Vertu, Gateshead car supergroup, tops £4.76bn revenue

Vertu CEO Robert Forrester

Gateshead-based Vertu Motors plc said its revenue rose 1.7% to £4.76 billion in the year ended February 28, 2025, with adjusted profit before tax falling 15.8% to £29.3 million.

Vertu is one of the UK’s six automotive retail “supergroups” that generate over £4 billion in annual turnover.

“Profits reduced year-on-year due to a weak new car retail market in the UK and pressures arising from the Government Zero Emission Vehicle (ZEV) mandate,” said Vertu.

“The Group outperformed the UK new retail market gaining market share including Battery Electric Vehicle (BEV) retail sales.”

Full year dividend fell to 2.05p per share from 2.35p. 

£4.8 million was returned to shareholders via a repurchase of 7.5 million shares during the year.

On its current trading and outlook, Vertu said: “Overall profits in March and April were ahead of prior year levels and this gives the Board confidence for the year ahead.

“The Group has undertaken a significant number of start-ups and acquisitions in recent periods which are on track to start to contribute in FY26.

“There remains considerable economic uncertainty in the UK, and the automotive sector generally, from the Government’s ZEV mandate, the economic impact of the Budget and the impact on Manufacturer Partners of the recent US tariffs on US auto imports.

“The Group is well positioned with stable management and a very strong balance sheet with low gearing to take advantage of opportunities as they arise.

“A £12m share buyback programme was announced in February 2025 and to 30 April 2025, £2.2m of this programme has been utilised in the purchase of 4.2m shares, leaving £9.8m to deploy.  These purchases will increase earnings per share and the Board remain committed to an ongoing buyback programme.”

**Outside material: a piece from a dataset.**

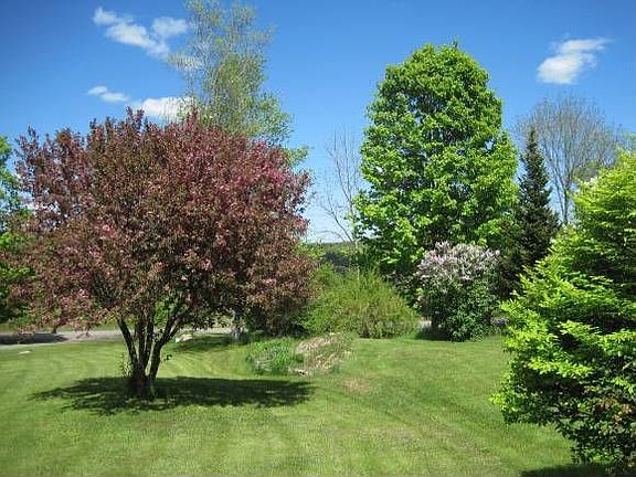 Pastoral setting for this beautifully constructed & well maintained Ranch. Fine craftsmanship in every detail, with beaded woodwork, built-ins & raised panel Christian doors. Open concept LR/DR combination, w/wide pine floor. Adjacent to this lovely room, is a passive solar, cathedral ceiling, Sunroom. Well designed KIT w/cherry raised panel cabinets, excellent work area & a pantry. MBDR Suite w/3/4 bath. Mudroom/laundry combo. Full basement w/separate office or exercise room & large workshop area. Sitting gracefully to the right of the home, is a beautiful pre-1800 barn, reconstructed into a seasonal STUDIO 20 x 37 w/gunstock corners & cabinets built from the wood of the original barn. The home is on a corner lot and is just lovely w/flowering crab apple trees, large asparagus beds, perennial beds & established garden area. A delightful property.

Vertu Motors plc CEO Robert Forrester said: “With challenging market conditions during the Year which saw the lowest new retail car market for 25 years, we have focused on the things we can control and delivered increased new retail electric vehicle sales ahead of the market and strong performances in used cars and aftersales.  

“In addition, cash generation was robust in the second half with net debt levels reduced compared to market expectations. In anticipation of Government related cost pressures effective 1 April 2025, the business undertook a significant cost reduction programme to fully offset the impacts and position the Group for the future.

“Trading in March and April has been stronger than the prior year, as the UK retail new car market improved from its lows and the Group continued to focus on operational excellence. Our high margin Aftersales business has sustained its robust performance.”